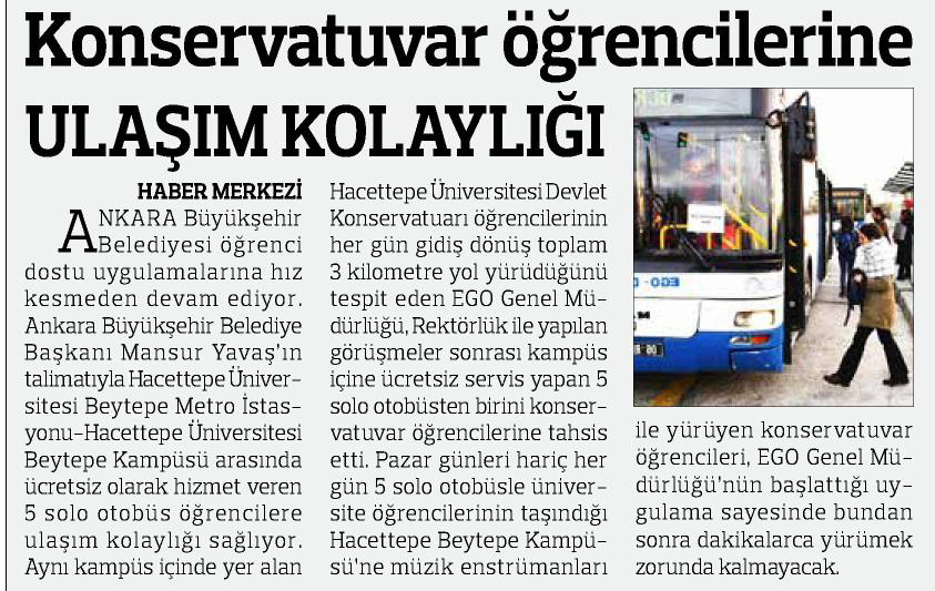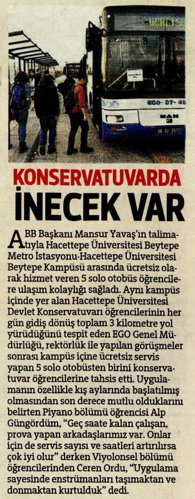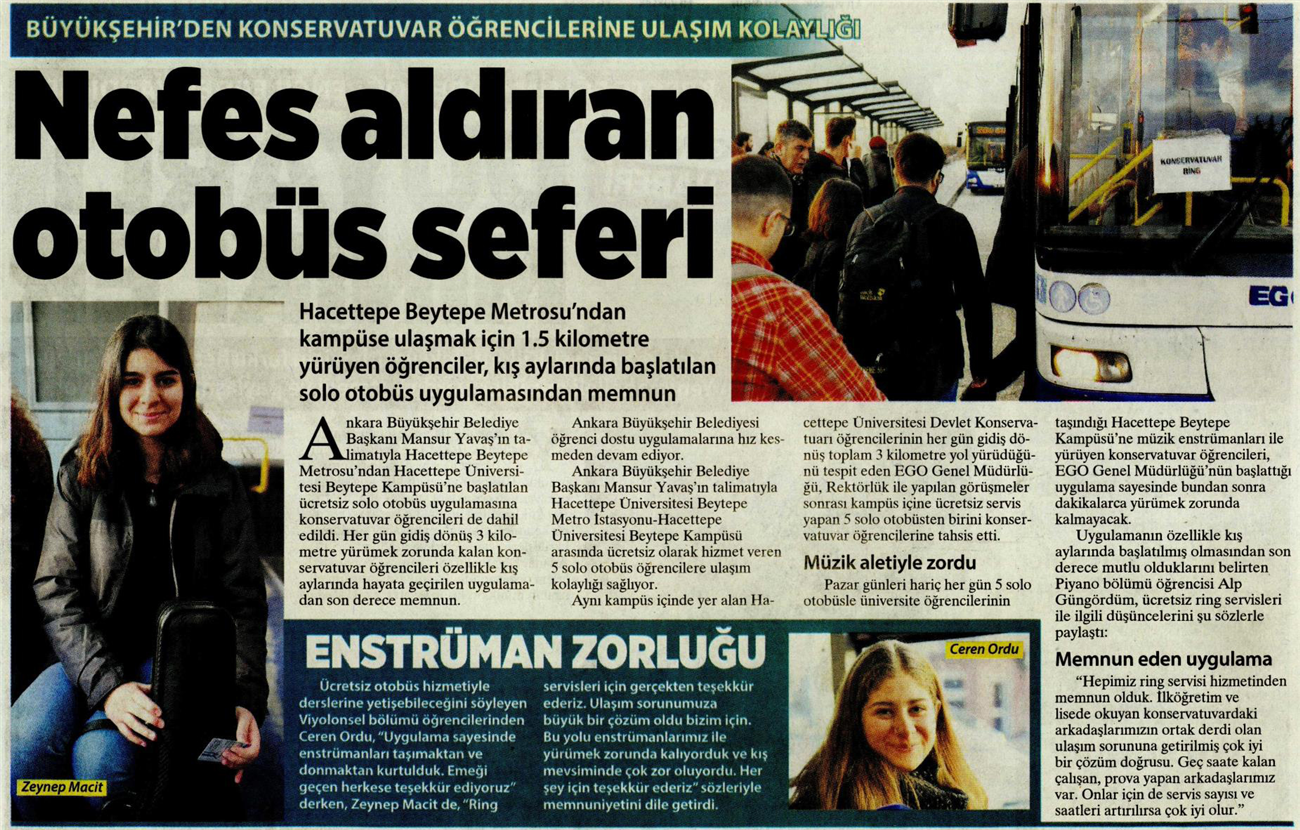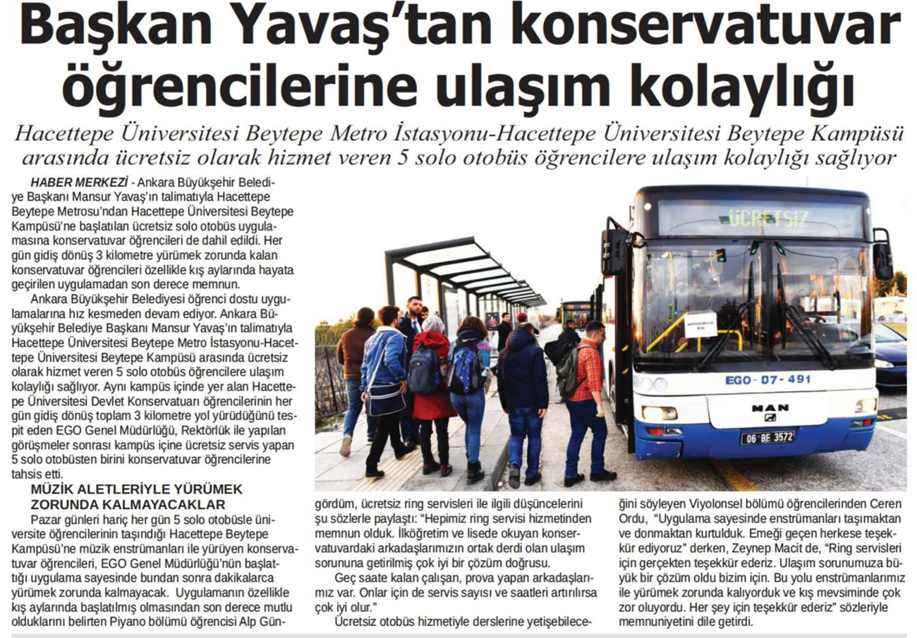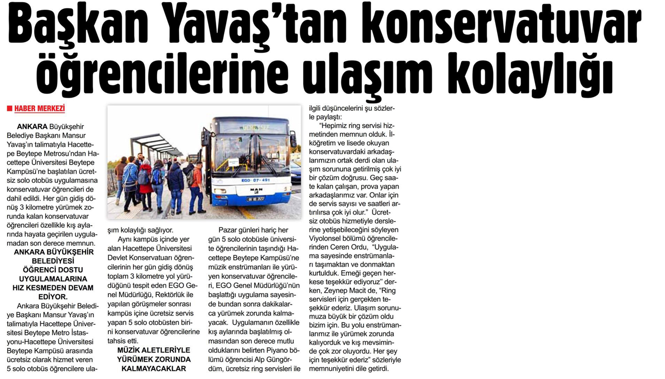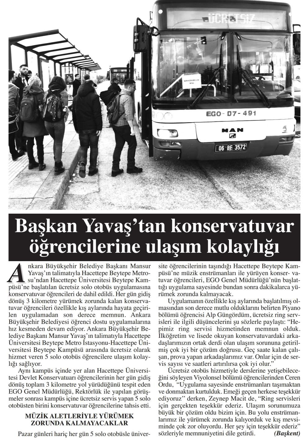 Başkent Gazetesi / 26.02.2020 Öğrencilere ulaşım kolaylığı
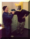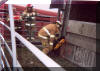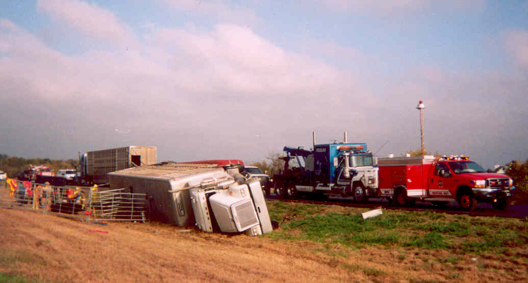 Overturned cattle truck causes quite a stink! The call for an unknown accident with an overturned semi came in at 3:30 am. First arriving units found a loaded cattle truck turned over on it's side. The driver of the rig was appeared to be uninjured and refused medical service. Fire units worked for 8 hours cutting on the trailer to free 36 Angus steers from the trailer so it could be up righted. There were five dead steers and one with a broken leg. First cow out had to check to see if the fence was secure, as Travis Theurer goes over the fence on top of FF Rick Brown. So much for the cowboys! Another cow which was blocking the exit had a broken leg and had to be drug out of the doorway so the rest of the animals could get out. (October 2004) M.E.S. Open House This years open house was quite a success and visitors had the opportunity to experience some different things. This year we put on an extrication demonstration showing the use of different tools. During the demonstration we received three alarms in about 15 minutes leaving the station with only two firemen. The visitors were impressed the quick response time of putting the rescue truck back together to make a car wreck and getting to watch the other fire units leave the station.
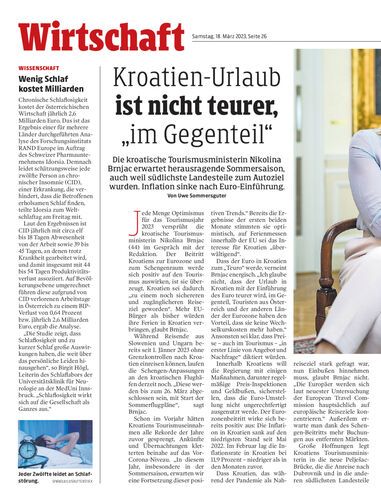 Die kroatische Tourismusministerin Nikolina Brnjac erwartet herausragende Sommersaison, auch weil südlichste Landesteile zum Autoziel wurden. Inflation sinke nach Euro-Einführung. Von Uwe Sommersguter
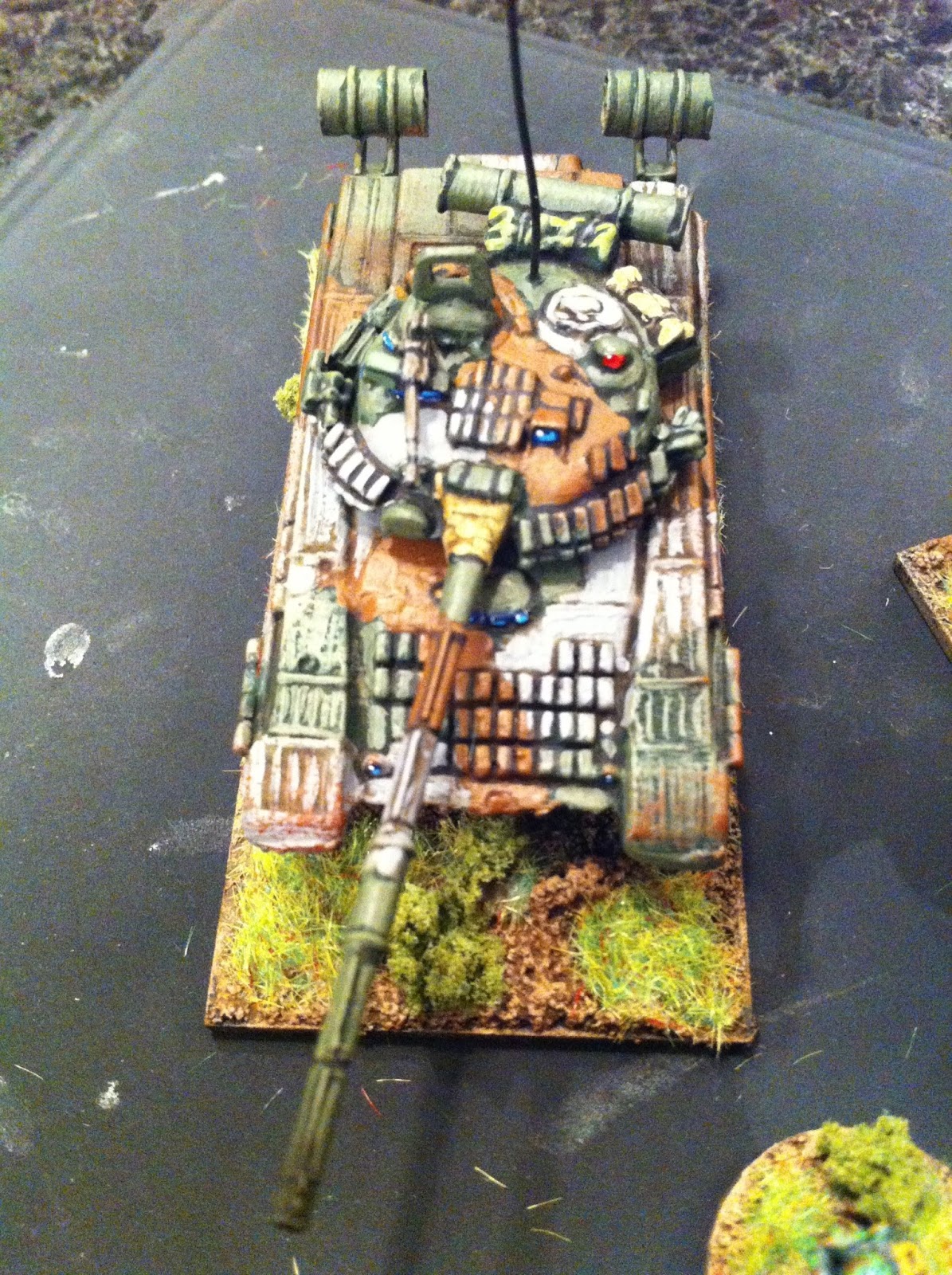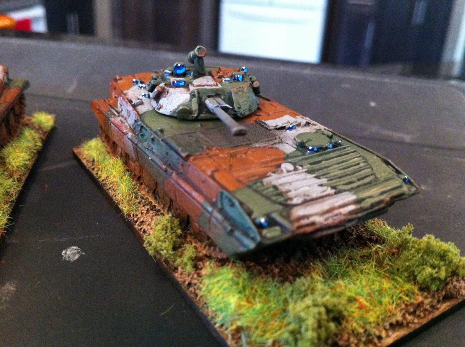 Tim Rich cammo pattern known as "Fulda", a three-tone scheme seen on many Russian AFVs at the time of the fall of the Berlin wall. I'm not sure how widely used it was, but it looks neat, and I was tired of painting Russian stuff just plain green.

ACTIVITY: The whole listing must be restated word for word. Leave out any pictures.

EXPECTED ANSWER:
 Başkent Gazetesi / 26.02.2020 Öğrencilere ulaşım kolaylığı
 Overturned cattle truck causes quite a stink! The call for an unknown accident with an overturned semi came in at 3:30 am. First arriving units found a loaded cattle truck turned over on it's side. The driver of the rig was appeared to be uninjured and refused medical service. Fire units worked for 8 hours cutting on the trailer to free 36 Angus steers from the trailer so it could be up righted. There were five dead steers and one with a broken leg. First cow out had to check to see if the fence was secure, as Travis Theurer goes over the fence on top of FF Rick Brown. So much for the cowboys! Another cow which was blocking the exit had a broken leg and had to be drug out of the doorway so the rest of the animals could get out. (October 2004) M.E.S. Open House This years open house was quite a success and visitors had the opportunity to experience some different things. This year we put on an extrication demonstration showing the use of different tools. During the demonstration we received three alarms in about 15 minutes leaving the station with only two firemen. The visitors were impressed the quick response time of putting the rescue truck back together to make a car wreck and getting to watch the other fire units leave the station.
 Die kroatische Tourismusministerin Nikolina Brnjac erwartet herausragende Sommersaison, auch weil südlichste Landesteile zum Autoziel wurden. Inflation sinke nach Euro-Einführung. Von Uwe Sommersguter
 Tim Rich cammo pattern known as "Fulda", a three-tone scheme seen on many Russian AFVs at the time of the fall of the Berlin wall. I'm not sure how widely used it was, but it looks neat, and I was tired of painting Russian stuff just plain green.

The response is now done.